At one level, such a violent text is a far cry from the birth of a child in the most unremarkable of circumstances in the forgettable little village of Bethlehem, but we remember the stories enough to know that the world that Jesus entered was deeply violent - the wailing of mothers at the deaths of the children of Bethlehem and the desperate escape to Egypt are the first stories to follow his birth. Violence shadows Jesus throughout his ministry, from the murder of his friend John the Baptizer to the religious leaders of his time repeatedly conspiring to put him to death, and ultimately succeeding in doing so in league with the forces of the Roman Empire, which may not have invented cruelty but went a long way toward perfecting it.
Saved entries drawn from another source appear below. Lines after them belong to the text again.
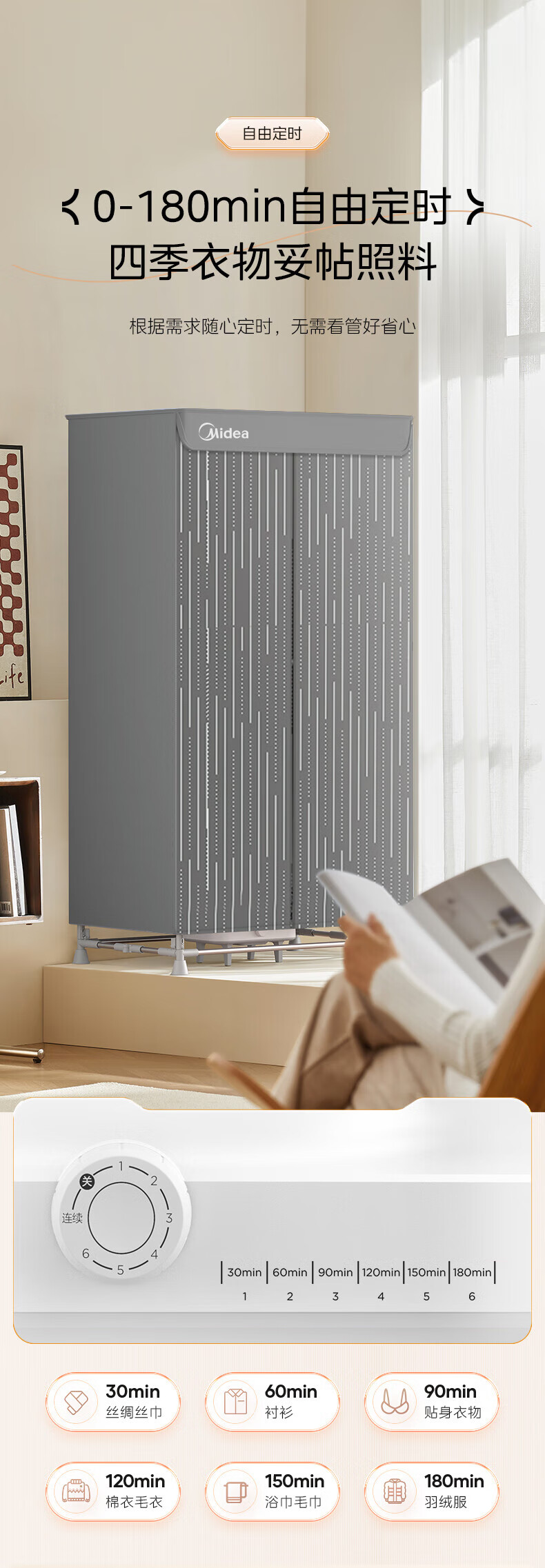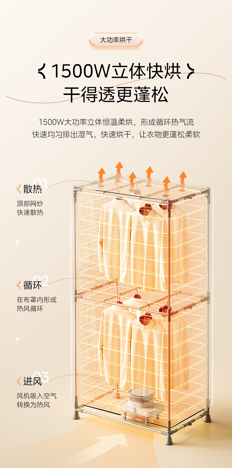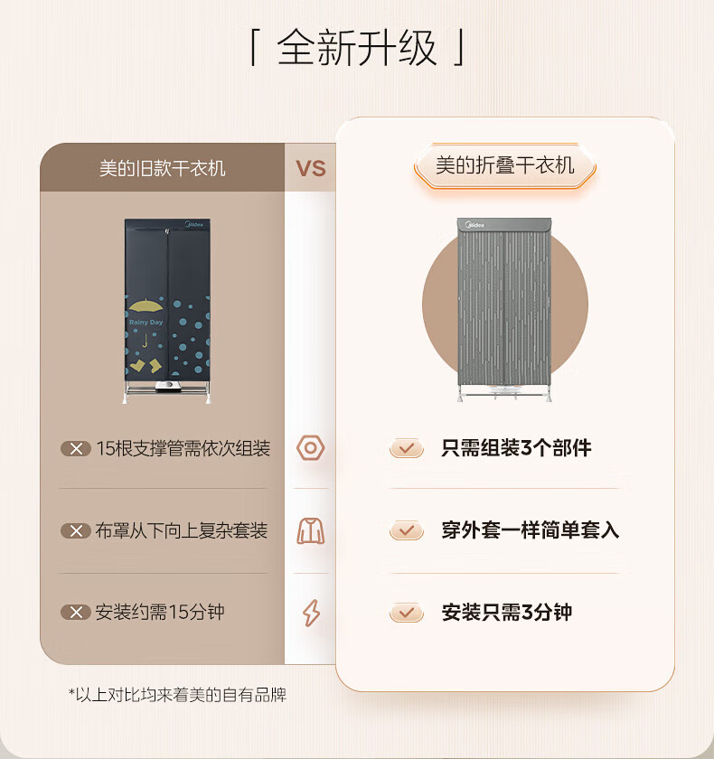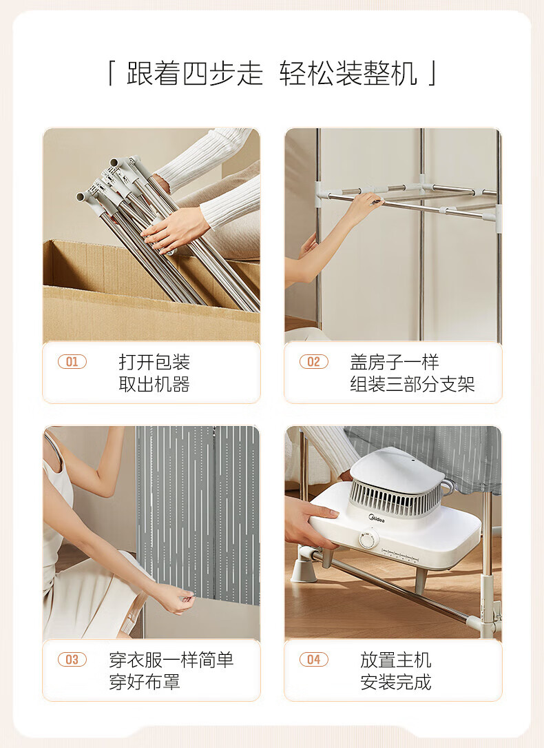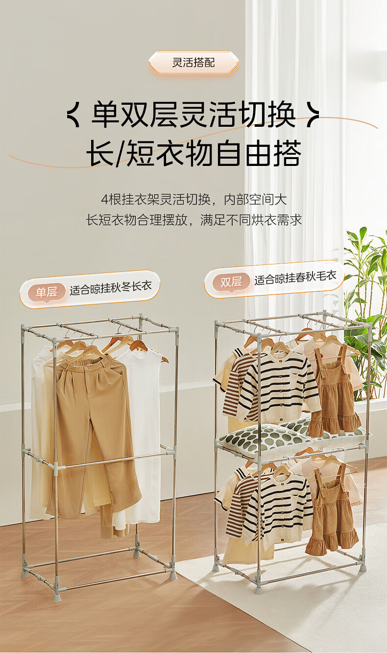 【小家电】美的Midea干衣机家用婴儿衣物暖风烘衣机风干机升级可折叠设计内衣消毒烘干衣机【600L大容量】HBGJ15F1 HF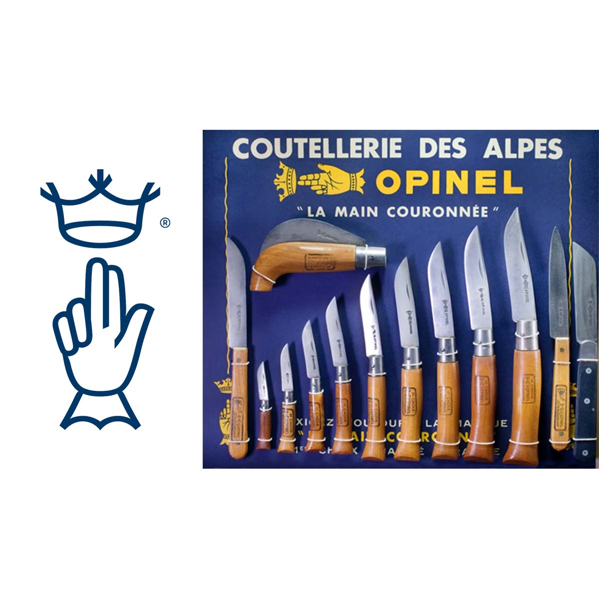 In 1565, King Charles IX of France ordered that every master cutler affix an emblem on their manufactured items to attest for the origin and quality. To follow in this tradition, Joseph Opinel chose the Crowned Hand as his emblem in 1909. The blessing hand is that of Saint John the Baptist, taken from the coat of arms of Saint-Jean-de-Maurienne, the nearest town in Albiez-le-Vieux, the birthplace of the Opinel family. Joseph Opinel added a crown as a reminder that Savoie was a duchy. All the blades on Opinel knives and tools have been stamped with The Crowned Hand ever since.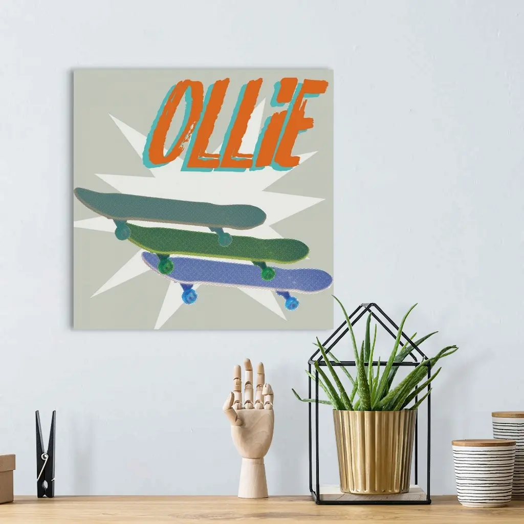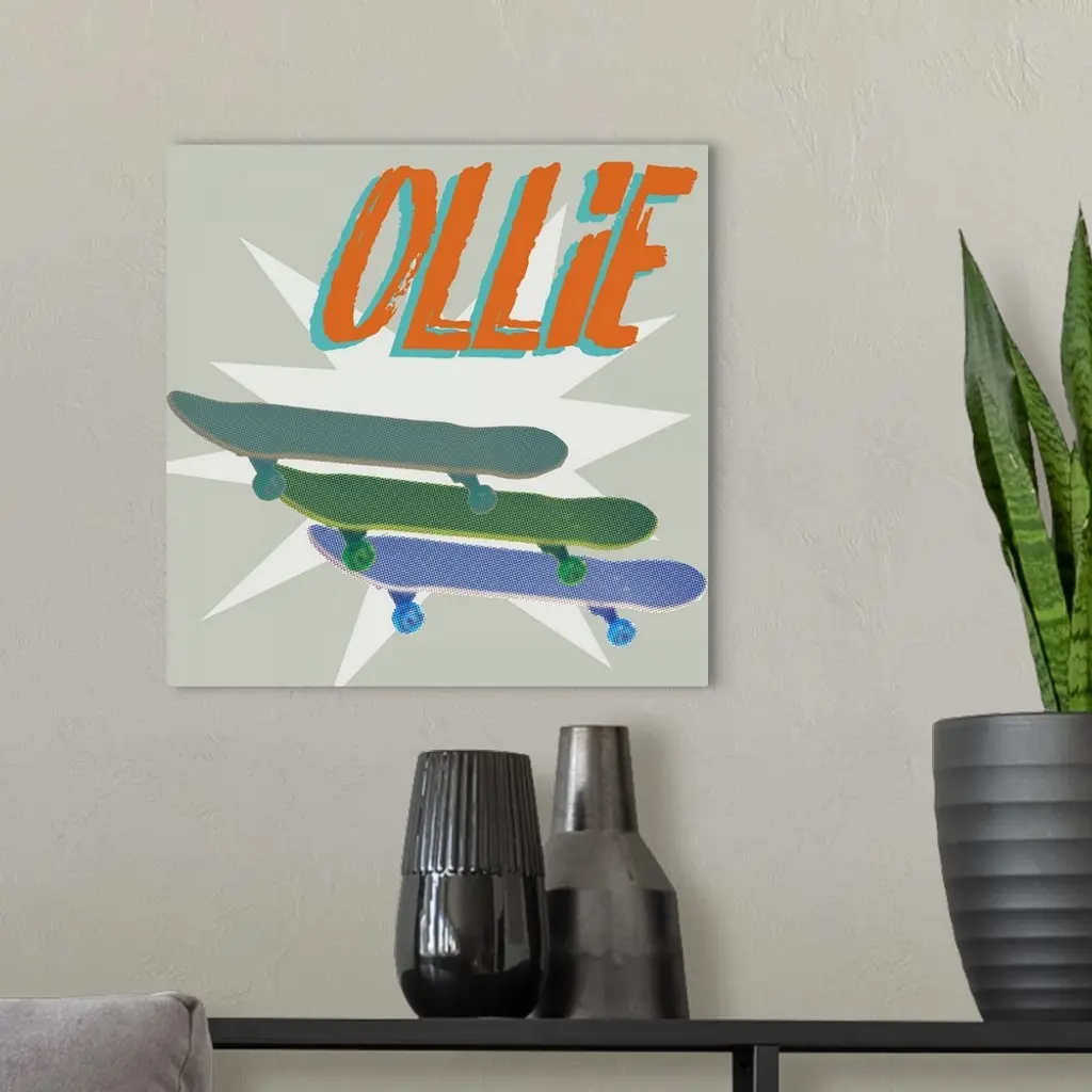 A youthful design of layered group of skateboards below "Ollie" on a starburst gray background.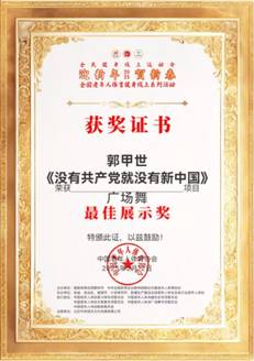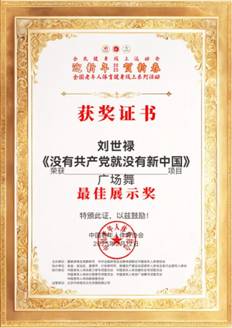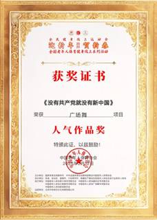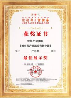 近日,我校退休职工精心表演的广场舞《没有共产党,就没有新中国》作品在645个同类视频中脱颖而出,荣获“迎新年,贺新春”2025年全国老年人体育健身线上系列活动《人气节目奖》和《最佳展示奖》。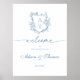 Elegante Kalligrafie staubblauen Blumen Monogramm Wappen Hochzeit klassisches Begrüßungspposter.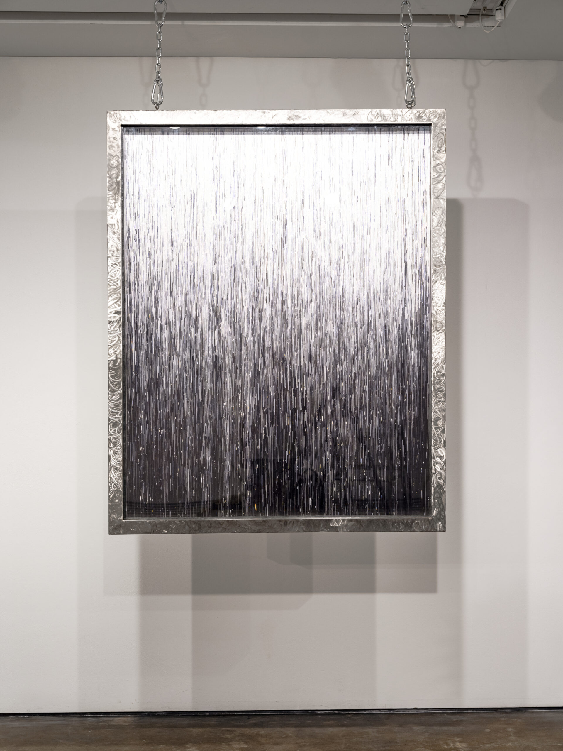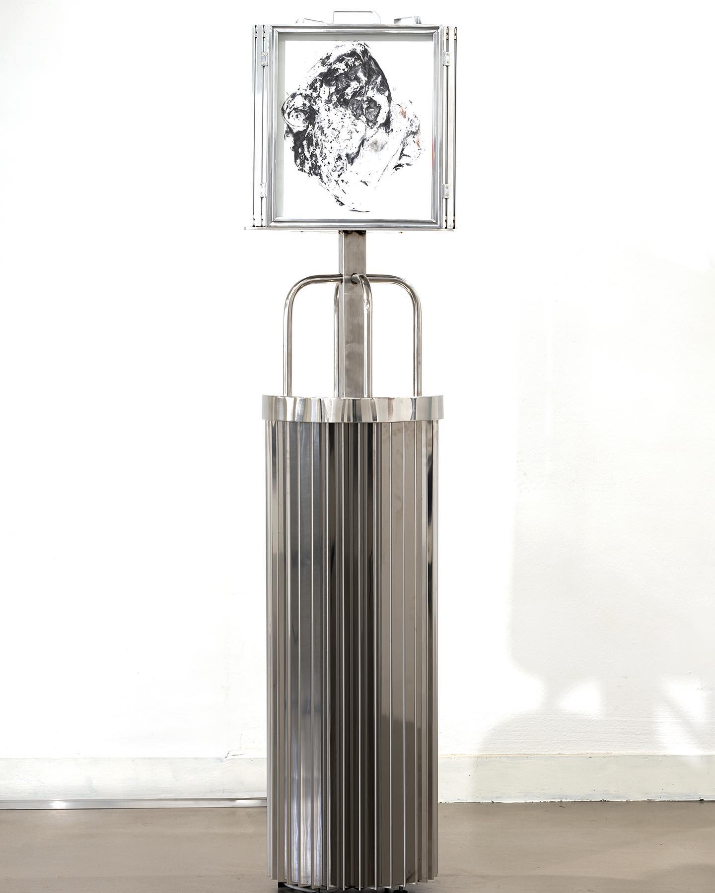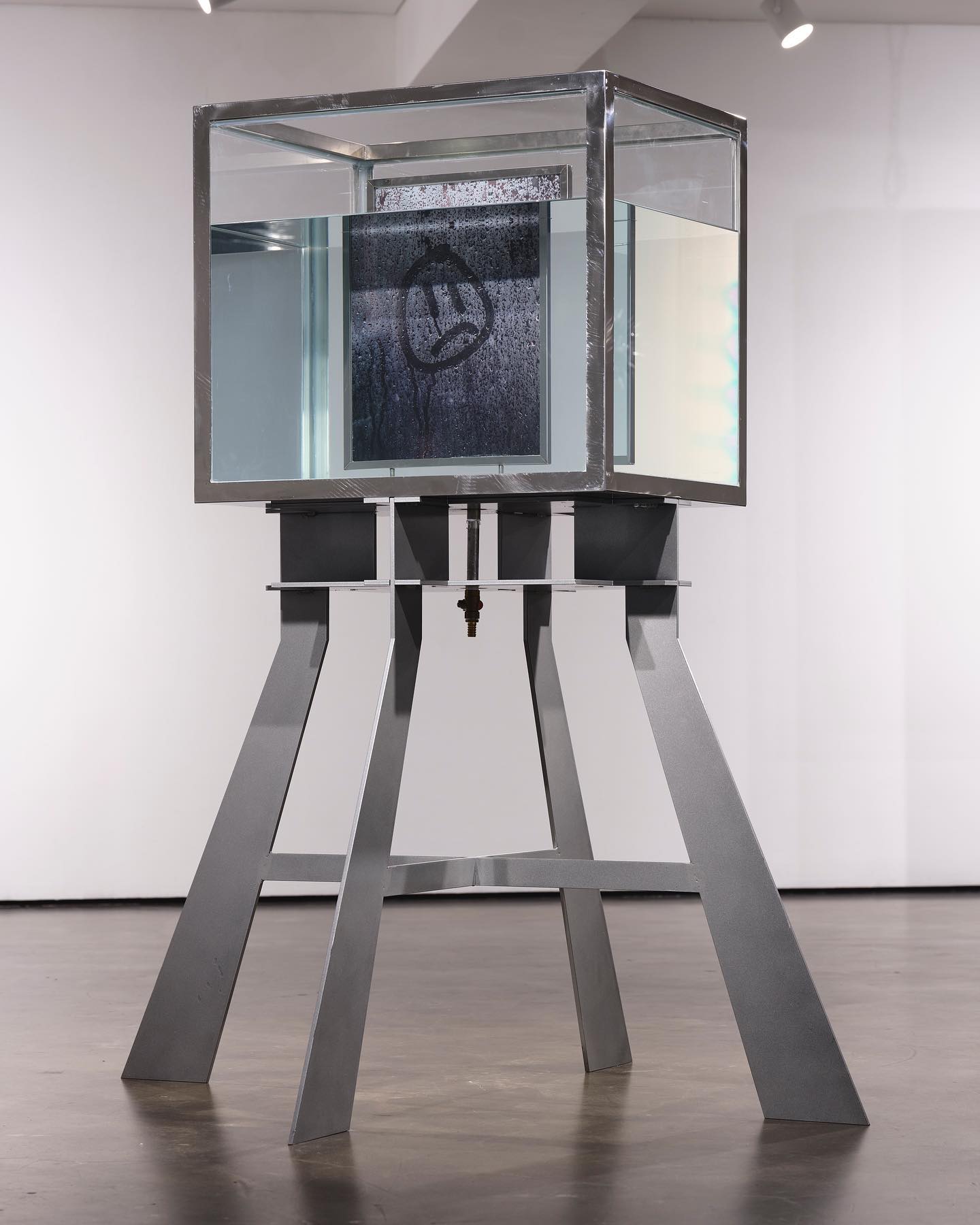In other works, Lee photographs situations in which three sculptural elements lean against one another to maintain balance, placing the resulting image within a frame equipped with four steel legs so that it can lean against either a wall or the floor. In another instance, an image of a doodle drawn with a finger on water droplets gathered on a glass window is placed inside an aquarium-like frame.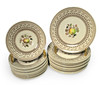 Comprising: coffee pot, milk jug, sugar bowl, 12 place settings and 12 additional dessert plates.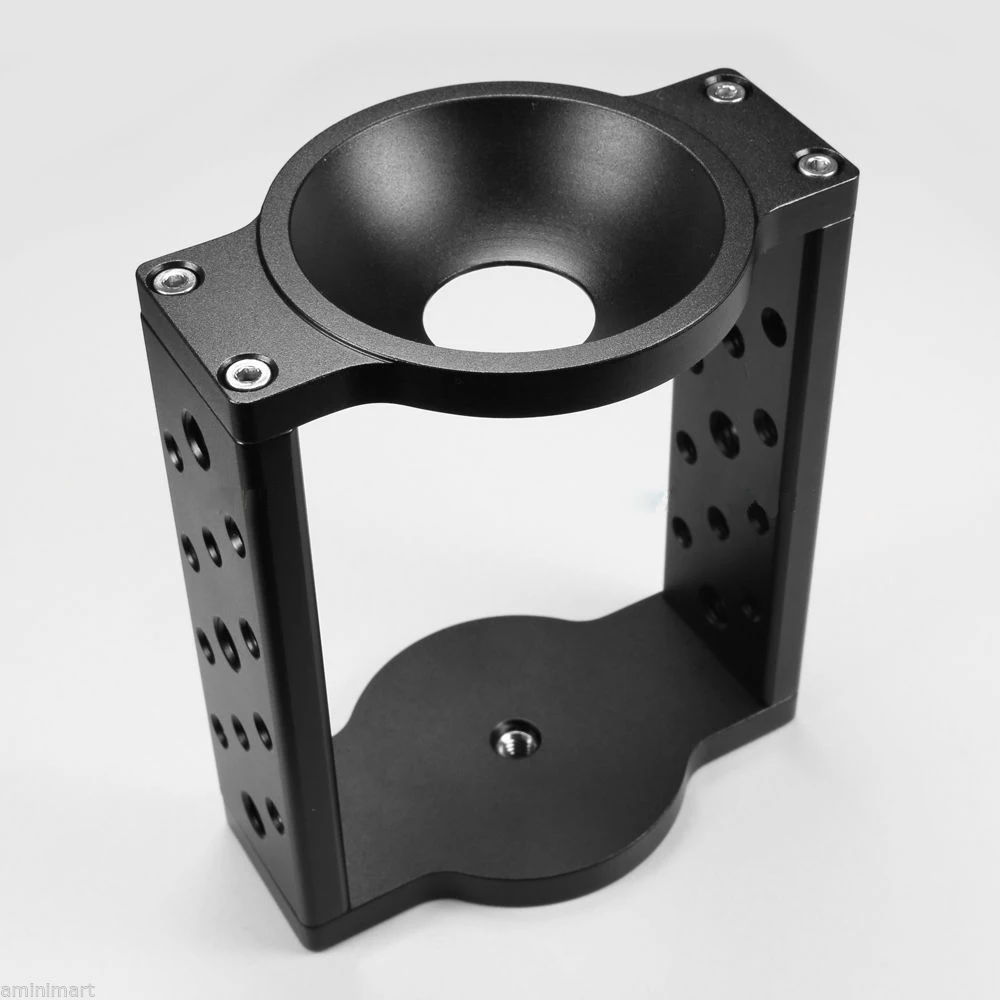 Он имеет три резьбовых отверстия 3/8 дюйма и десять 1/4 дюйма с каждой стороны. Позволяет устанавливать на него такие аксессуары, как Шарнирный рычаг, вспышка, Светодиодная панель. Вы также можете использовать его как монтажную пластину для сыра.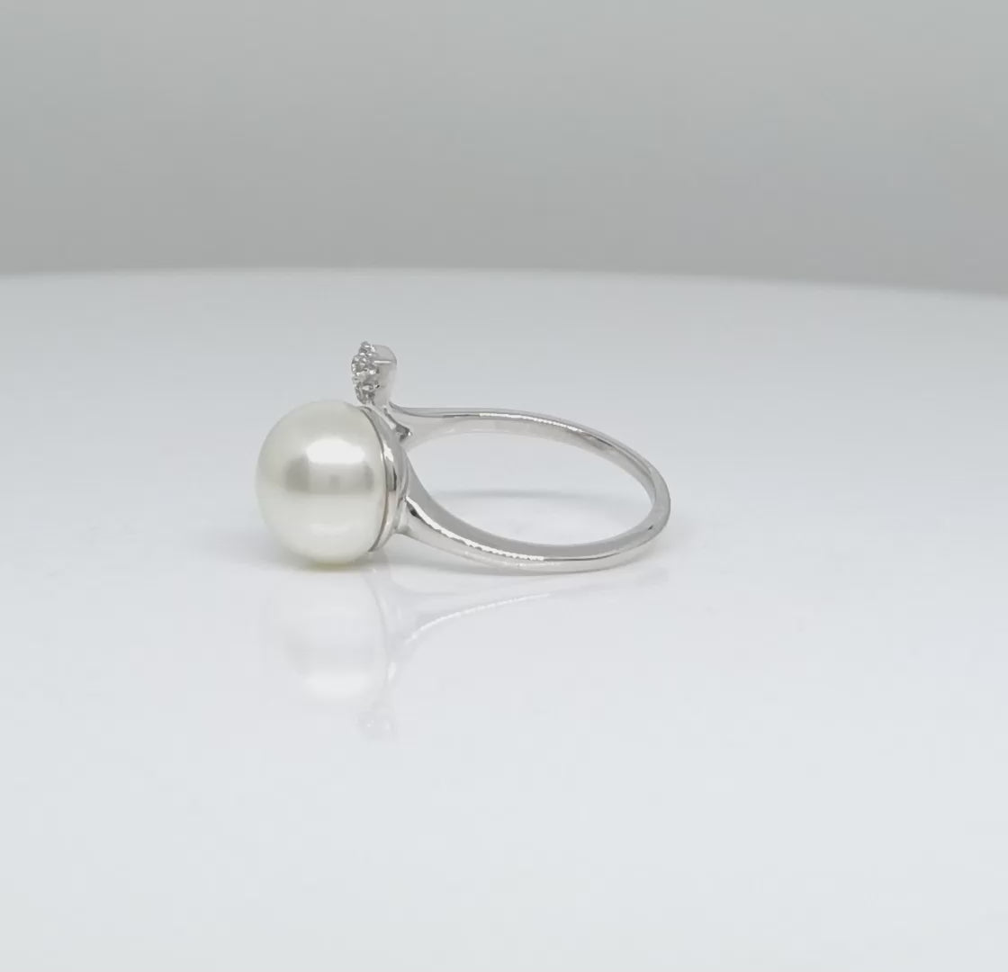 Embrace delicate beauty with this nature-inspired pearl ring, featuring a radiant 10x10 mm round pearl cradled between two CZ-studded leaf motifs. The open bypass design captures the softness of organic form while offering a graceful and contemporary silhouette.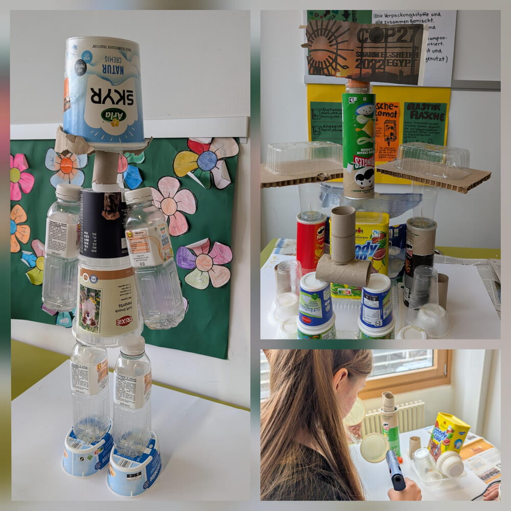 Die Klasse 8a beschäftigte sich mit Upcycling und gestaltete aus Verpackungsmüll Skulpturen.

There is no shortage of similar depths of violence in our world; the massacre of the innocents in Bethlehem is repeated in Yemen, Syria, and too many other places around the world, and stories of the Holy Family fleeing persecution in Egypt are all too familiar as we see images of parents dragging their children away from tear gas canisters at our own border.
At the same time, that political violence targeted Jesus because of the threat that his imagination posed to the religious and imperial powers of his time (and ours). The world he imagined and preached and anticipated shakes our world to its foundations: forgiveness of debts, radical hospitality, and leadership rooted in service and humility rather than boundary markers and status hierarchies.
But have our hearts not "become drowsy from...the anxieties of daily life"? Somehow Advent has become a sleepy few weeks of counting down to Christmas, with the help of colored candles and, if we are lucky, a daily piece of chocolate behind little paper doors. We don't often seem to act like the coming of Jesus is going to change much of anything, or like Advent is a time for us to participate in that change. But what if Advent were not just a time of waiting? I propose that it is precisely a time of bringing about something truly new - dismantling and disengaging from what theologian Walter Brueggemann calls "technological therapeutic military consumerism" - a global system which rewards apathy, normalizes cruelty, and makes promises of happiness and community which it cannot keep.
In the coming of Jesus we see the coming of a new era, but it does not come out of nowhere; a beloved community of respect for human dignity, care for creation, and particular concern for the poor and vulnerable grows out of our work to reflect the gospel in our public lives and the ways we organize our world, as well as our private and spiritual lives. Let us begin this Advent with a long, loving look at our world and ask how these next four weeks can be a time to refocus on building a more loving and just society.
Patrick Cousins is Assistant Director in the Department of Campus Ministry.